Stimuli and procedure

Participants were presented with stereoscopic and non-stereoscopic stimuli in immersive virtual reality using the Oculus Rift DK2 headset. The two screens of the headset have a resolution of 960 × 1080 per eye (75 Hz refresh rate), and the eyes are focused on the screens with lenses whose focal distance is 1.3 meters. Total field of view is 100°. Immersive virtual reality refers to the fact that the participant feels being present in the virtual world. The world is immersive in the sense that it surrounds the participant and by turning her head the participant can look around in the virtual world. The Oculus Rift was running on a computer (3.50 GHz, 16 GB RAM) with a NVIDIA GeForce GTX 980 graphics card. The camera that tracks the position and orientation of the headset was placed roughly on the table roughly1 meter from the participant. The distance between the two lenses which focus the viewers gaze of the screens in the headset was adjusted for individual participants to match their IPD.

In Experiment 1 the stimuli were natural scenes that contained 1–6 humans (see Fig. 1). The humans were generated using an open source Make Human software ( They were distributed around the scene, they never overlapped with each other, and at least their head and torso were clearly visible. All of the humans were roughly at the same height level as the camera, at an average distance of about 3.5 meters (SD = 1.6) from the camera in the virtual reality world. This distance mainly chosen to fit up to six humans in one view. When the scenes contained multiple humans, the objects were scattered around the field of view, although sometimes they also formed sub-groups. The distance of the humans from the virtual camera and the positions of the humans was similar at each number. The scenes, which were generated using various “prefabs” of the Unity software, contained trees, bushes or rocks, but never any artificial, man-made objects. The humans were positioned directly in front of the camera. In Experiment 2 the stimuli were randomly oriented cubes presented at pseudo-random positions in front of the participant on sky background (same as in Experiment 1). The average distance of the cubes relative to the camera was similar as in Experiment 1. The color of the cubes was constant within a scene, but varied across scenes.

The experiment and the stimuli were made using the game engine Unity (5.4.0f3). The images presented to the left and right eye screens in the Oculus Rift were determined by two cameras placed in the virtual world constructed by Unity. We used the default settings: the distance between the left and right virtual cameras was 64 mm, and they were parallel to each other, that is, the cameras were not angled inward like eyes typically are. While this means that while the differences between the viewpoints of the two eyes is reduced, the scenes with and without visual disparity look very similar (the manipulation of disparity was not spontaneously noticed by the participants). This is important as strong variation in disparity could draw the participants’ attention and influence behavior indirectly (note that disparity and no-disparity trials were presented randomly within experimental blocks). Furthermore, stronger than normal disparity could produce nausea in some participants. The inter-camera distance of 64 mm corresponds to the average IPD distance in males. This means that the inter-camera distance is thus higher than the average IPD in females. Subsequent studies should consider adjusting inter-camera distance individually. In the “No disparity” condition the image of the left virtual camera was presented to both left and right eyes of the participant.
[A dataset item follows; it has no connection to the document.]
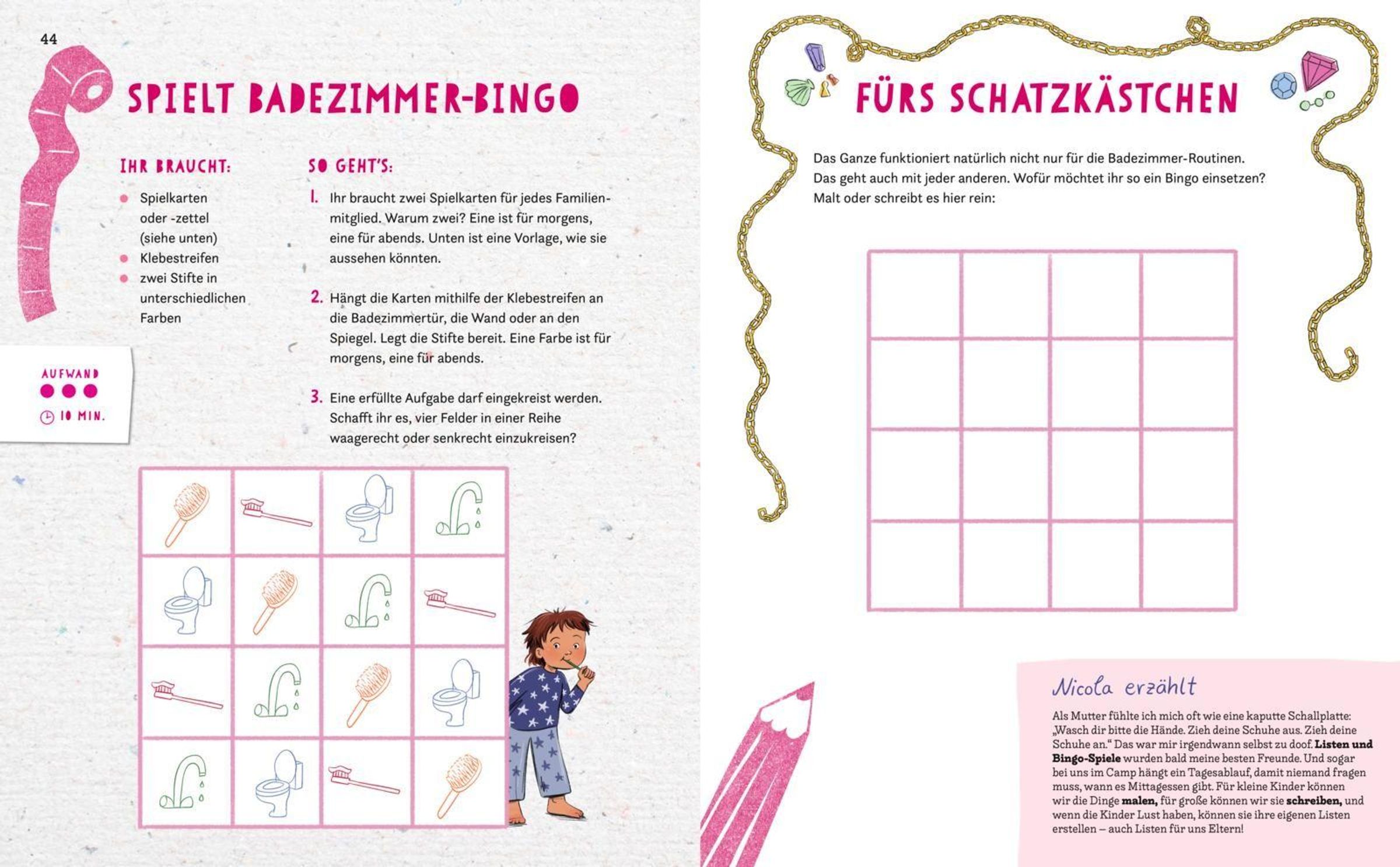Zähneputzen ist öde? Gemüse essen auch? Und warum müssen wir eigentlich immer raus, wenn die Großen das wollen? In diesem Buch steckt jede Menge Spaß: Spielt Badezimmer-Bingo, baut Gemüsetürme, werdet draußen zu Forscherinnen und Schatzsucherinnen - im Wald, im Park oder direkt vor eurer Haustür!

As shown in Fig. 1, each trial began with the presentation of a light gray square positioned directly in front of the participants. When the participant oriented towards the square for 1 second it turned to a darker shade and triggered the presentation of the scene 700 msec later. Each scene was presented for 50 msec, and it was followed by a flat (i.e. 2D) pixelated mask image for 200 msec. In the enumeration task the participant was asked to say out loud the number of humans presented as quickly as possible. The participants wore Sennheiser PC-8 headphones with a microphone. Reaction times relative the onset of the scene were recorded. After the vocal response numbers 1–9 were presented on a 3 × 3 grid of squares in the virtual reality. The participant selected the number she had spoken by orienting towards it in the virtual reality. The answer was selected when the participant kept orienting towards the number for at least 1 second. The second response was collected like this to induce a more complete sensation of immersion and because keyboard responses without visual feedback might be challenging for some participants. In the subjective experience of depth task the participant was asked to rate the strength of the subjective experience of depth and three-dimensionality on a scale from one to three. The highest alternative denoted a strong sense three-dimensionality, whereas the lowest alternative meant that the participant experienced a relatively flat, 2D world with very little sensation of depth. The middle alternative referred to medium strength experience of depth. We also emphasized to the participant that this task was not related to the apparent quality of the graphics, nor was there a correct answer to the question. Previous studies have shown that participants can assess the strength of experienced depth associated with stereoscopic stimuli independently of other visual attributes (e.g. image quality)39,40. The participant was told that she did not have to make a speeded response. The answer was given first by speaking to a microphone and then selecting the corresponding response by orienting to it in the virtual reality.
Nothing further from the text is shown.